PROBLEM — The reply must consist of the complete listing, reproduced exactly, with no images included.

SUPPLIED DATA —

[Start of Attachment]

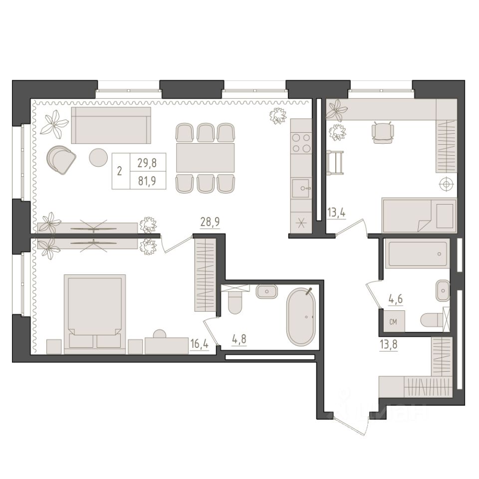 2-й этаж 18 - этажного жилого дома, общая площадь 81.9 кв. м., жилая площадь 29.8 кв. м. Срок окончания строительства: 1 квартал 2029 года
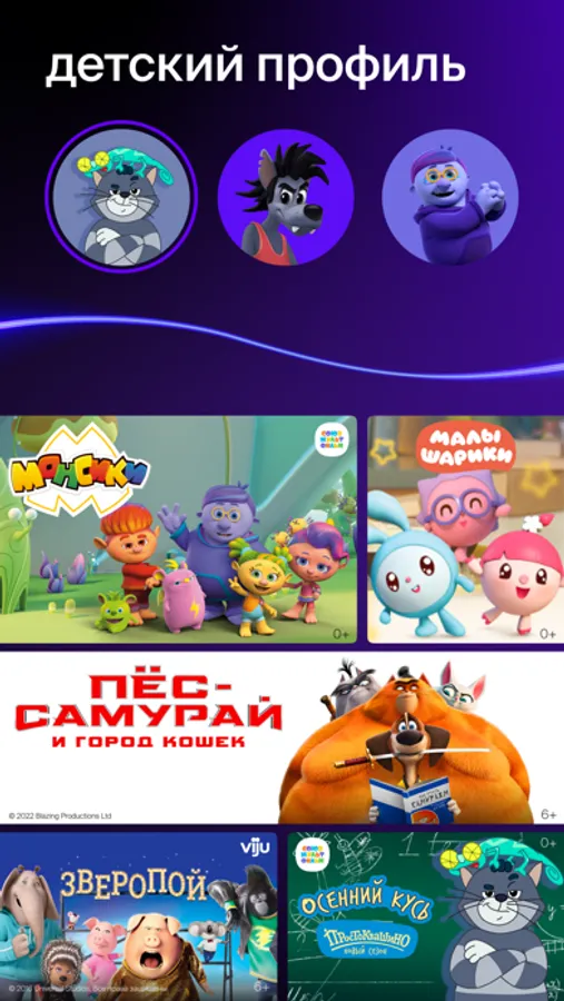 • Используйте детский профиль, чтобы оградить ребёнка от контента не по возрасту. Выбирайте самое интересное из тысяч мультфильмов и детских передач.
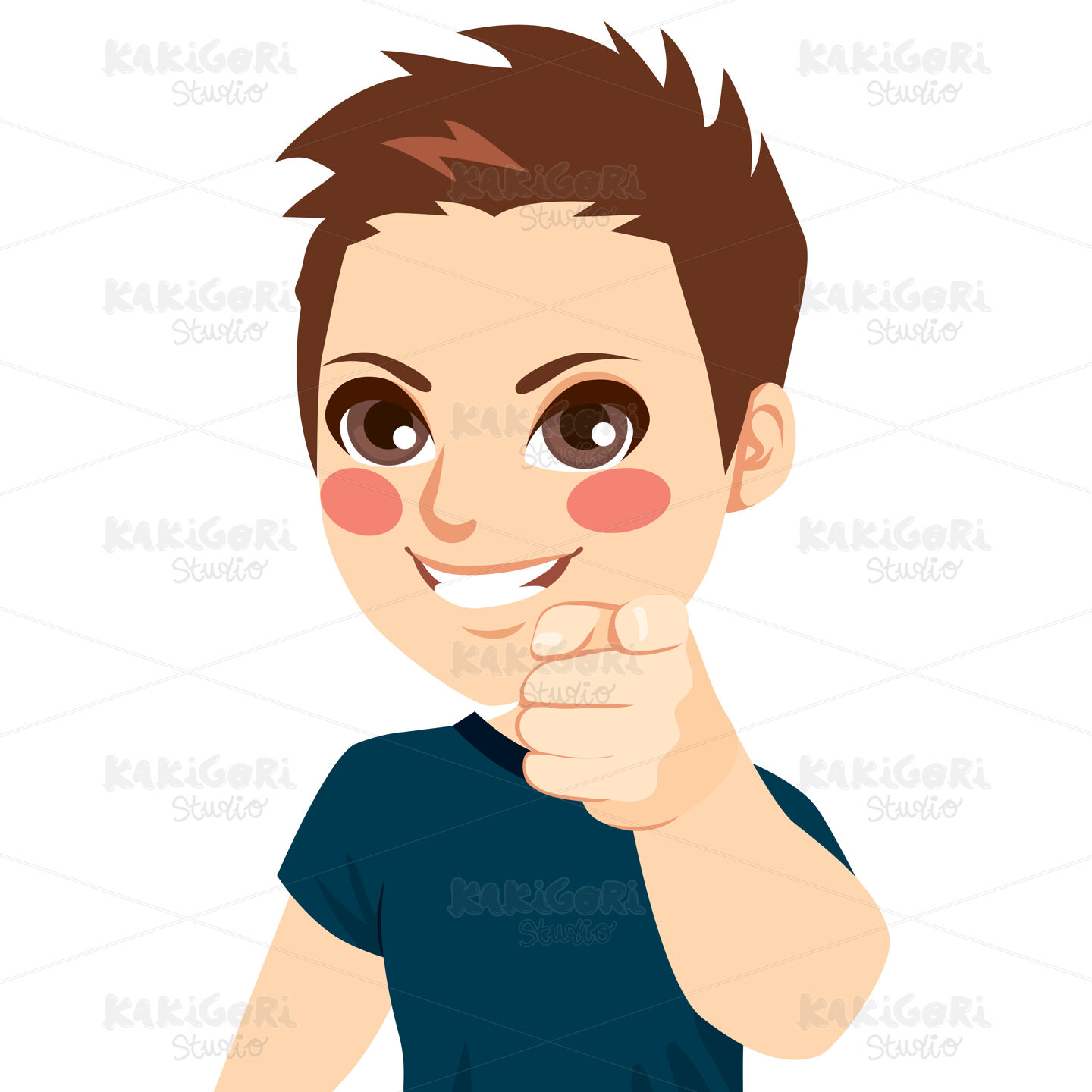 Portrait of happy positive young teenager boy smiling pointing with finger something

[End of Attachment]

ANSWER SPACE —
 2-й этаж 18 - этажного жилого дома, общая площадь 81.9 кв. м., жилая площадь 29.8 кв. м. Срок окончания строительства: 1 квартал 2029 года
 • Используйте детский профиль, чтобы оградить ребёнка от контента не по возрасту. Выбирайте самое интересное из тысяч мультфильмов и детских передач.
 Portrait of happy positive young teenager boy smiling pointing with finger something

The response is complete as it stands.